Red Hat Bugzilla – Bug 198565
NFS/udp Data Corruption
Last modified: 2008-08-02 19:40:34 EDT
Description of problem:
Data in Binary files gets corrupted when transfering files
between machines via NFS using udp when the network is under a heavy load.
MTU: 1500 everywhere
Version-Release number of selected component (if applicable): kernel 2.6.15 and
Steps to Reproduce:
Copy a binary file from/to an NFS mount over a busy Gigabit
network multiple times, and diff it with the original each time.
(to busy up the network either copy multiple files or use 'sudo ping -f -s 60000')
***Script to copy file and diff:
# Script to test I/O on 2.6.15 kernel
# Give it filename and optional argument s to stop on error
set stop = 0set stop = 0
set file = $argv
if ($#argv > 1) then
if ($argv == 's') set stop = 1
\cp $file $file.copy
diff $file $file.copy
if ($status) then
echo "ERROR AT "`date`
if ($stop) exit 1
Binary files differ
Files should not differ
Was not fixed in kernel 2.6.17-1.2139_FC4
Created attachment 132270 [details]
script to copy files and diff them repeatedly
Could you please post the oops output?
Created attachment 132943 [details]
simple script to test with
Created attachment 132944 [details]
original binary file
Created attachment 132945 [details]
differing binary file after copy on NFS filesystem
also I'm removing one of the 'script' attachments because they are the same
Just curious... Does the same problem happen with TCP mounts?

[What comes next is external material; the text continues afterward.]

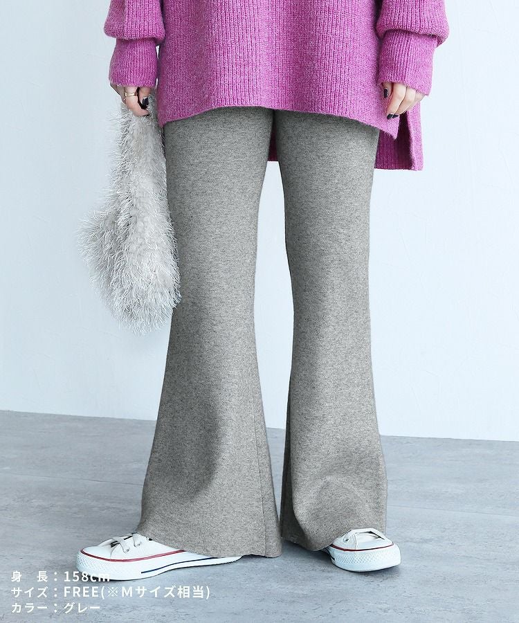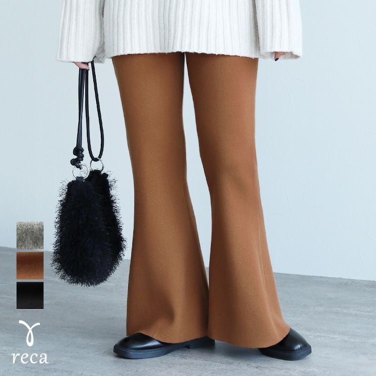 レディース ボトムス パンツ フレアパンツ ニットパンツ ニット ウエストゴム 伸縮性 楽ちん ストレッチ カジュアル 上品 キレイめ シンプル 秋 冬 大人女子 30代ファッション 30代コーデ ブラック 黒 キャメル グレー

copying files on TCP mounts works fine; we tried it
With busy networks you really want to use TCP since it know how to
deal with congestion much much much better than RPC/UDP will....
Now I'm a bit surprised that TCP is not comparable to UDP since
with UDP I'm sure you getting tons and tons of retransmits which
in turns is just added even more congestion to an already busy
network... to prove this, simply do a 'nfsstat -rc' using both UDP
and TCP. You will see the number of 'retrans' will be much much
smaller with TCP than UDP...
This problem seems to be related to our parallel processing system. When nodes
(~8 usually) are done processing they copy the data back to an nfs-mounted
We are now using mount options:
on the client nodes.
when using a low timeout of 1 (timeo=1) this bug can be typically be reproduced
in under 10 minutes. It happens even when using tcp mounts.
(In reply to comment #7)
> copying files on TCP mounts works fine; we tried it
> slower tho..
This actually FAILS, although there is more success with TCP
Try turning off soft mounts...
I'm Toby's supervisor and we thought it would help if I weighted in at this
point since we are feeling rather desperate.

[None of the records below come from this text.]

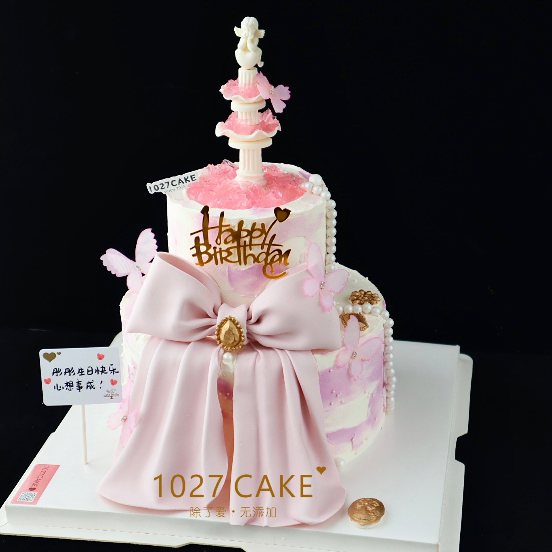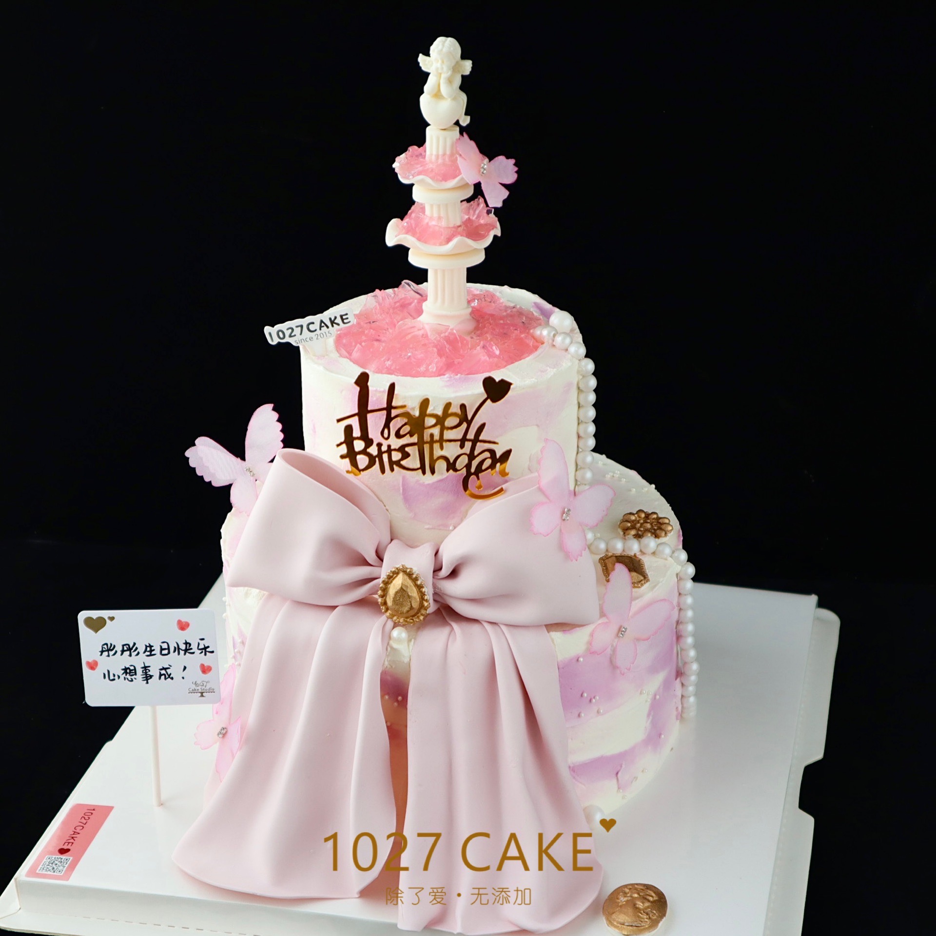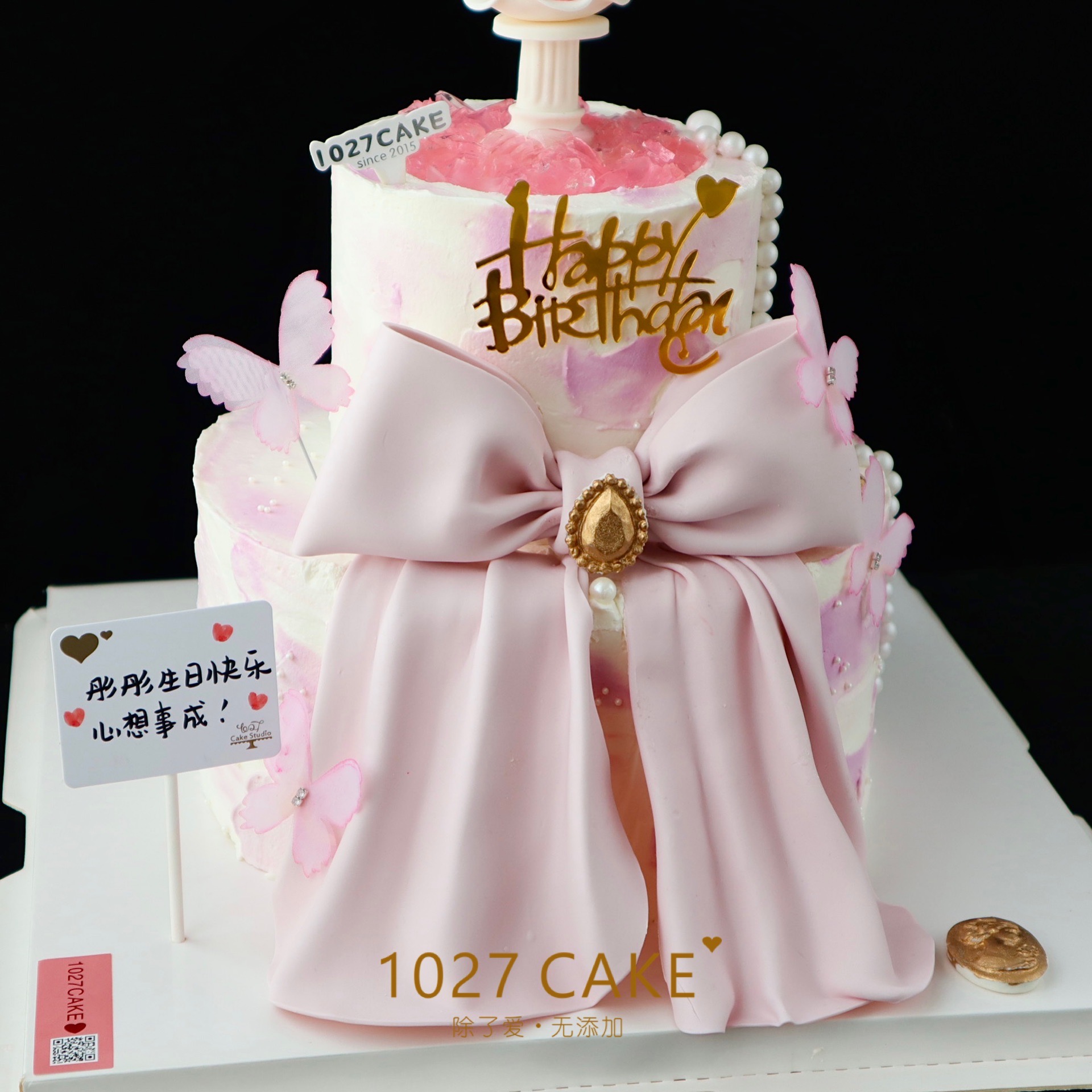 1027CAKE | 双层少女心许愿池 蝴蝶结(需提前1-2天)
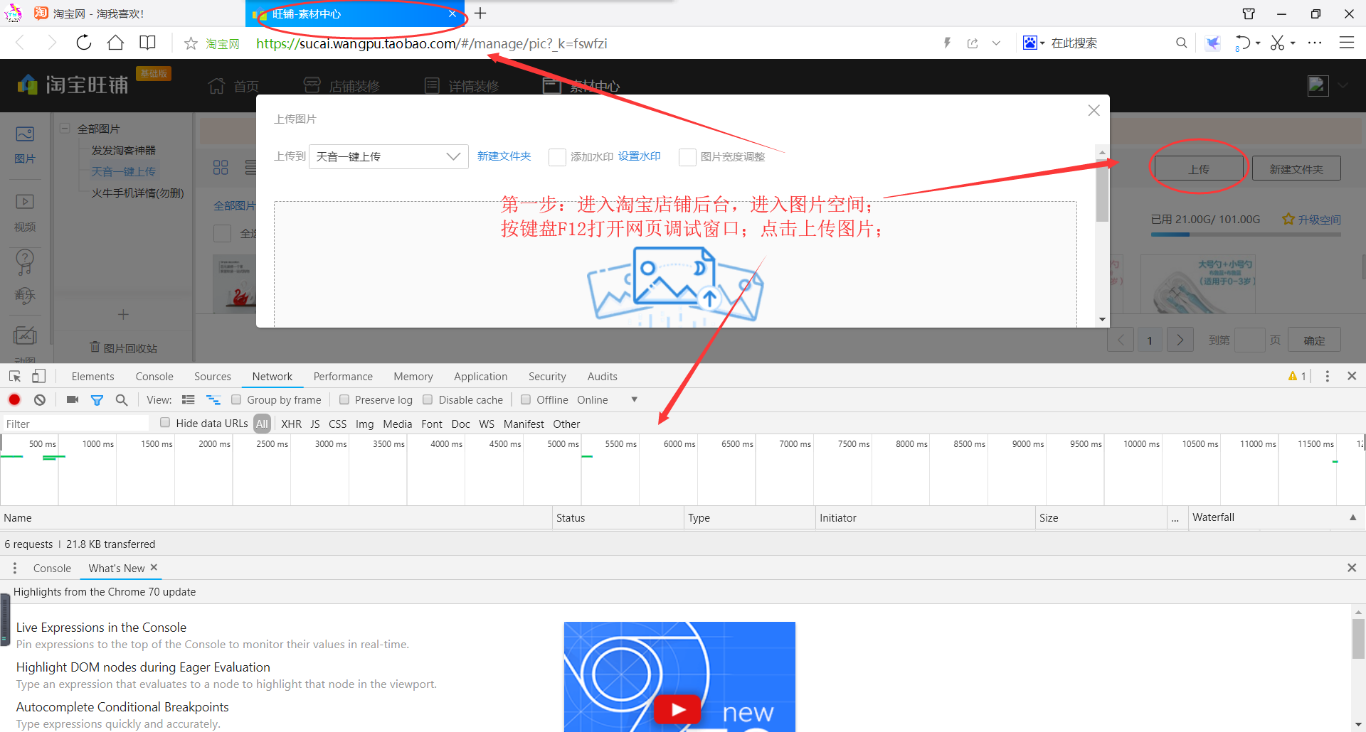 —>第一步:在网页上面打开店铺后台,进入图片空间,按F12进入网页调试窗口,点击上传图片
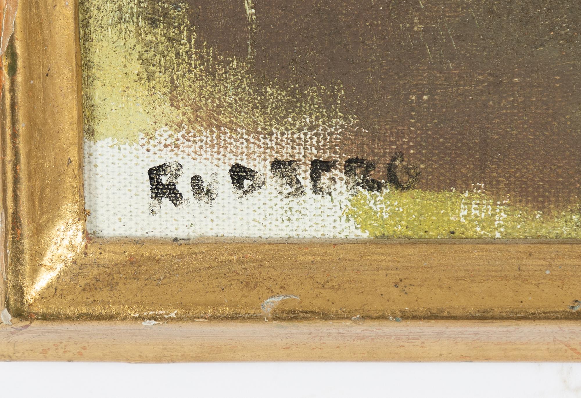 Signerad Rudberg. Duk 80,5 x 80,5 cm.

To answer your latest question: we tried hard mounts between two machines and
ran our standard copy test with timeo=1 to try to make it fail. It ran
successfully for at least an hour, whereas soft mounts would fail within 5
But when we switched all of our machines to hard mounts a few days ago, with
the setting timeo=25, our users still got data corruption. It's hard to say if
this was any more or less frequent than with soft mounts, but one occurrence
was quite severe with over 30 glitches in a 2 GB file.
During this time there were a number of messages like this in the server log:
Jan 4 11:24:50 simba kernel: RPC: bad TCP reclen 0x08020703 (large)
Jan 4 11:24:50 simba kernel: RPC: bad TCP reclen 0x7902dc02 (large)
Jan 4 11:24:50 simba kernel: rpc-srv/tcp: nfsd: got error -104 when sending 140
bytes - shutting down socket
Jan 4 11:24:50 simba last message repeated 3 times
Jan 4 11:25:01 simba kernel: RPC: bad TCP reclen 0x40038d02 (non-terminal)
Jan 4 11:25:01 simba kernel: RPC: bad TCP reclen 0x5302b302 (non-terminal)
Jan 4 11:25:01 simba kernel: RPC: bad TCP reclen 0x0b02ff02 (large)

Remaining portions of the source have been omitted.